Multifamily Trends & News
Last week real estate-research firm Reis Inc. released its mid-year report on the apartment market stating that U.S. landlords had increased rents 0.7% to $1,062 in the second quarter, yet there are signs that the nationwide surge of apartment occupancy and rental rate increases is tapering off compared with a year ago, as reported by the Wall Street Journal.
Apartment rents increased 1.3% during the second quarter of 2012, according to New York-based Reis Inc. The national vacancy rate held steady at 4.3% in the second quarter this year.
The difference may be attributed to the new supply coming to the market — this is certainly the case in the San Francisco Bay Area. Nationwide, multifamily developers are adding approximately 160,000 new apartment homes in the top 54 U.S. Metro markets this year, according to CoStar Group, and as many as 350,000 new apartments could be delivered by 2015, CoStar forecasts.
Meanwhile, Bay Area rent increases slowed a bit in late 2012 then jumped 6% to 8% in the first quarter this year, according to Novato-based RealFacts, which supplies data and analysis to the multifamily industry.
“Increase demand for home sales, combined with a significant amount of new supply in core submarkets of our region could slow rental growth in Northern California but so far we have not seen it,” said Woodmont Real Estate Services Executive Vice President & Partner Jeff Bosshard, CPM®.
“For example,” Bosshard continued, “in May the nominal rent low for a one-bedroom apartment home in one of the San Francisco Peninsula apartment communities we manage was $1,948 while the high was $2,243. The low for a two-bedroom-two bath was $2,509 and the high was $2,959. On average, the rents are between 8%-9% higher than a year ago. In one of our South Bay communities, rent increases range from 3%-12%, depending on the floor plan while asking rents at a South San Francisco apartment community we manage are up 13%-15% over a year ago, and we are not planning to lower rents anytime soon,” he said.
The situation is more dynamic in the city of San Francisco — with all of its pending new supply — than anyplace else in Northern California, where Woodmont provides property management and related services for multifamily property owners and investors that collectively own more than 11,000 apartments, said Bosshard.

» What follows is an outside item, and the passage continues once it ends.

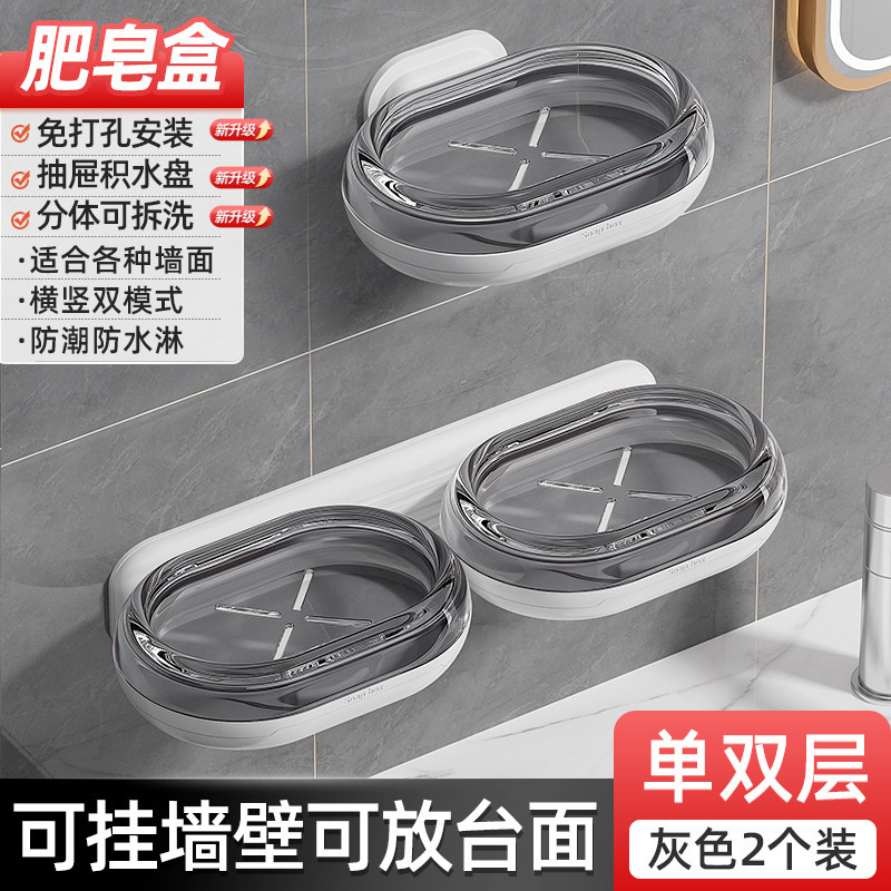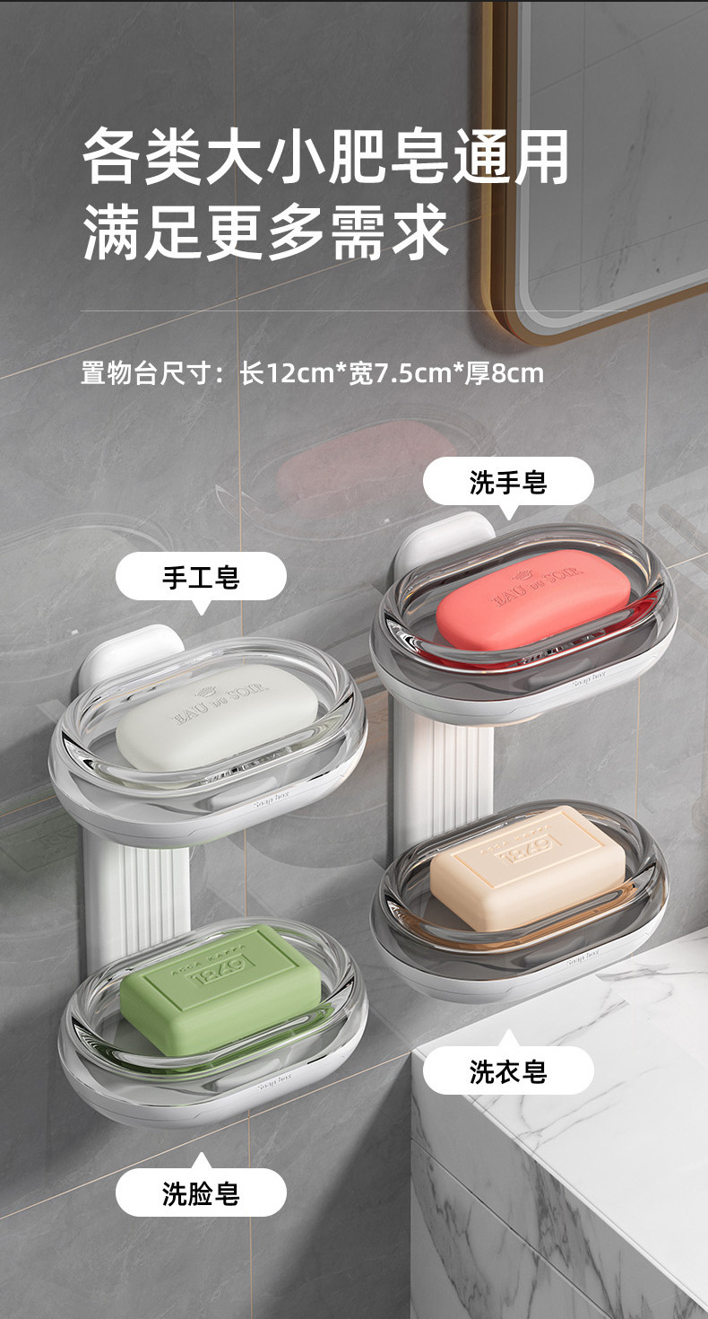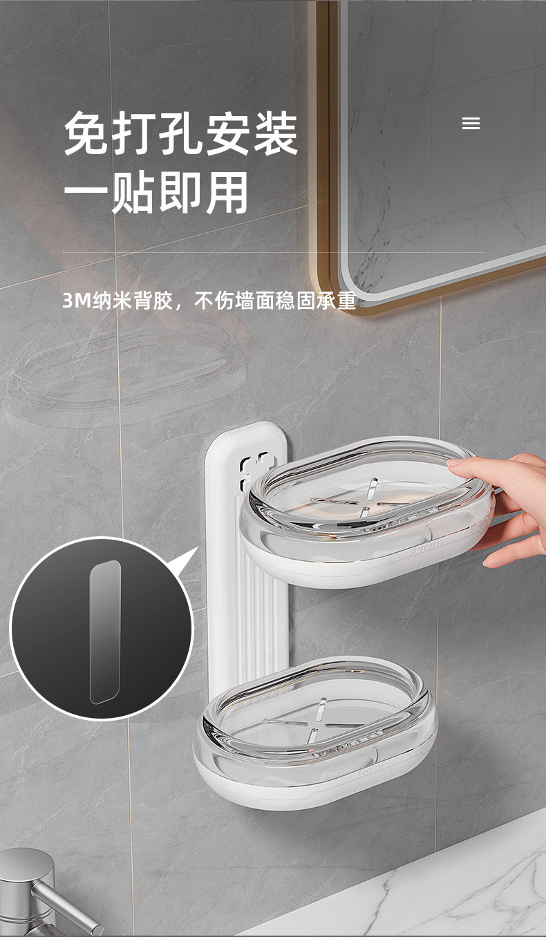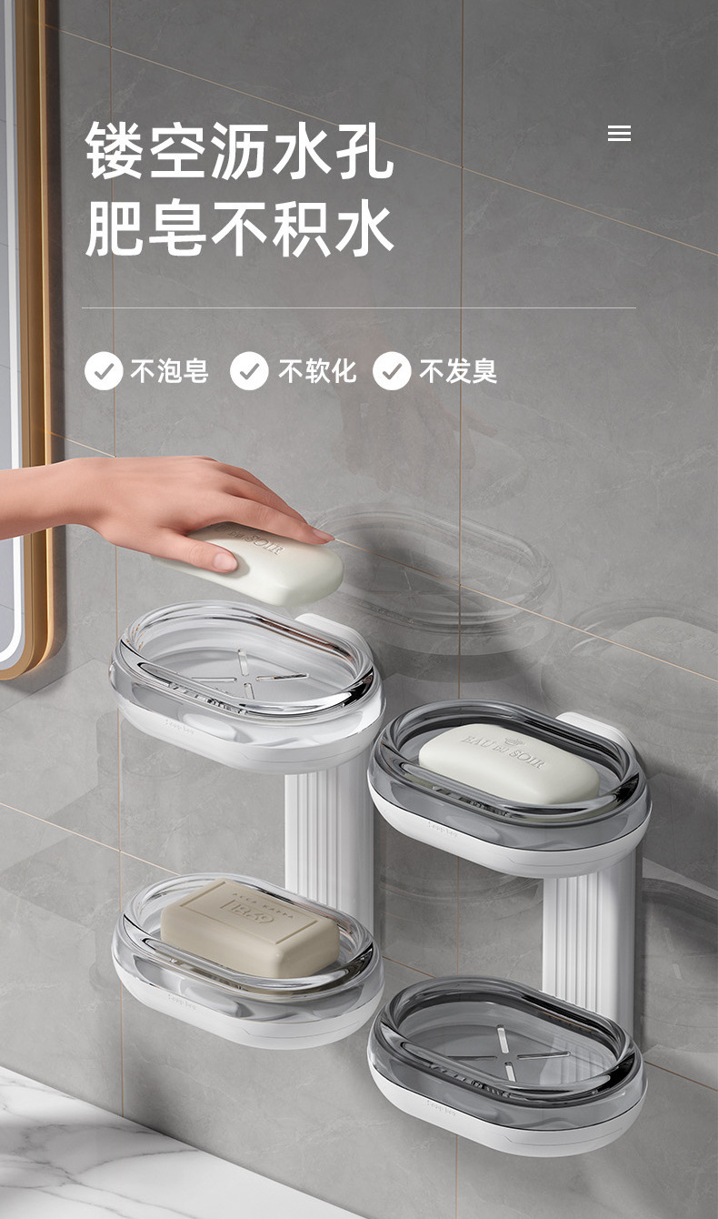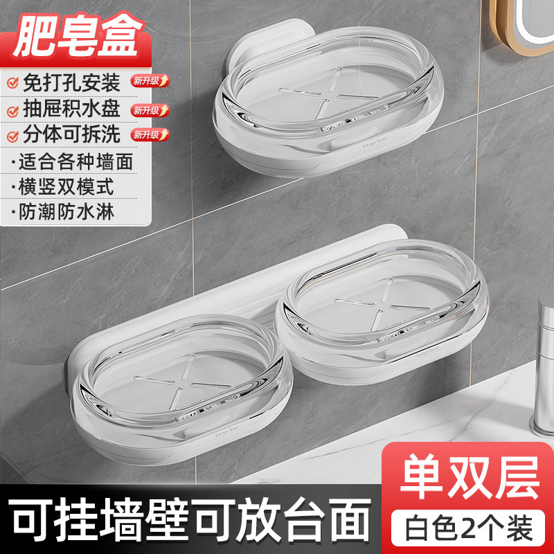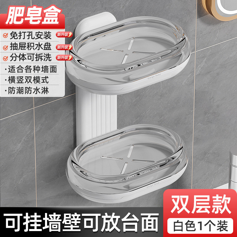 肥皂盒壁挂式沥水家用高档卫生间浴室墙上放香皂免打孔双 层置物

Indeed, a recent San Francisco Business Times article stated that nearly 8,000 new apartments – mostly mid-rise and high-rise buildings, will come online between this summer and 2015, when 3,498 apartments are forecast to be delivered in that year alone. The Business Times cited local condominium sales and marketing company Polaris Pacific when it published the comparison – that San Francisco developers built (only) an average of 220 new rental apartments a year between 2000 and 2012.